Castro, 53, had been taken off suicide watch while still in Cleveland’s Cuyahoga County Jail on June 5, a spokesman said, and his was the seventh suicide in Ohio prisons this year, according to the American Civil Liberties Union, which called for a full investigation.
Castro’s attorneys had tried unsuccessfully to have a psychological examination of him done at the jail before he was turned over to state authorities following his conviction, his attorney, Jaye Schlachet, said early Wednesday.
In an interview last month after Castro’s conviction, his attorneys said their client clearly fit the profile of sociopathic disorder and that they hoped researchers would study him for clues that could be used to stop other predators.
State prison and county jail officials denied Castro permission to receive independent mental health counseling, even though he had contemplated suicide in 2004 and was likely to suffer depression after being sentenced to life in prison, his defense lawyers said.
“We were never provided any explanation” for being denied independent mental health care, defense attorney Craig Weintraub said. “We don’t know what the rationale was to take him off suicide watch.”

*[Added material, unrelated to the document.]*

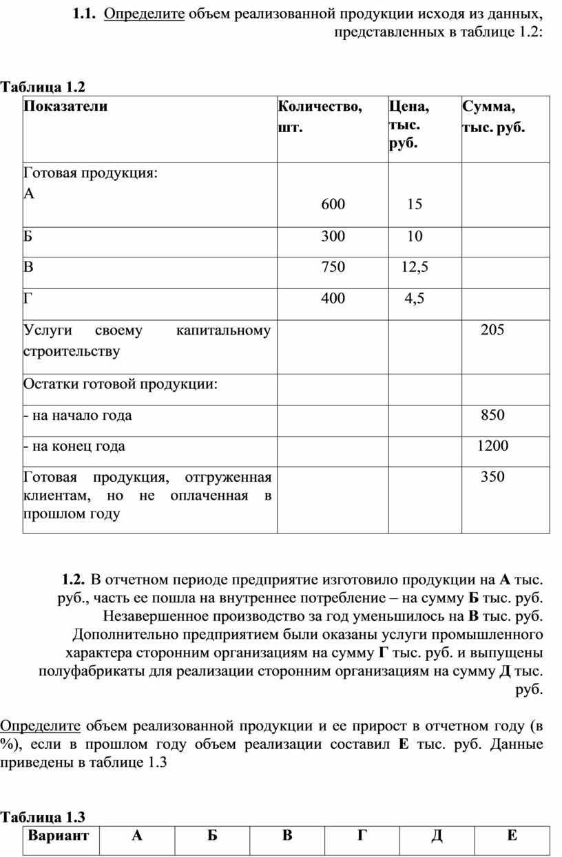 1.2. Определите объем реализованной продукции исходя из данных, представленных в таблице 1.2: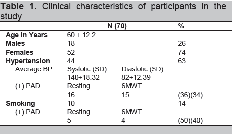 In Table 1, the mean age of participants is 60 years (SD + 12.2). Fifty-two were females (74%), 18 were males (26%). Sixty-three percent were hypertensive, average systolic and diastolic blood pressure was 140 + 18.82 and 82+12.39 respectively. Sixteen (36%) participants who were hypertensive are positive for PAD at rest. Of the 14% who were smokers, half were positive for PAD at rest.

Castro was sentenced on August 1 to life in prison plus 1,000 years in prison without the possibility of parole for abducting the women and keeping them in the dungeon-like confines of his house, where they were starved, beaten and sexually assaulted.
At the sentencing, Castro told the judge he was suffering from a pornography addiction.
“I’m not a monster. I’m sick,” he said.
The criminal case, one of the most sensational in U.S. history, captured international attention when it broke in May, as many people were elated by news the three women had been found alive, then stunned by the details of their ordeal. The public was startled by his apparent double life, with his reputation as a good-natured musician who even attended a vigil for one of the missing women.
The house where the three were held, bound with chains and ropes for periods of time, has been torn down along with two neighboring abandoned homes, creating an extended vacant lot in the working-class neighborhood.
Castro was transferred to the Correctional Reception Center outside Columbus, the state capital, on Aug. 5 and was to remain there while undergoing mental and physical evaluation before being transferred to a permanent lockup, prison officials said. He was in protective custody with guards checking on him every half hour and isolated from other inmates.
The Castro family learned of his death from the media, Weintraub said, and word spread quickly through the west Cleveland neighborhood.
“The last page has been turned,” said Julio Cesar Castro, Castro’s uncle and owner of a general store in the neighborhood where the women were held.
Said neighbor Walter Freeman: “I guess he couldn’t handle it. He took the coward’s way out.”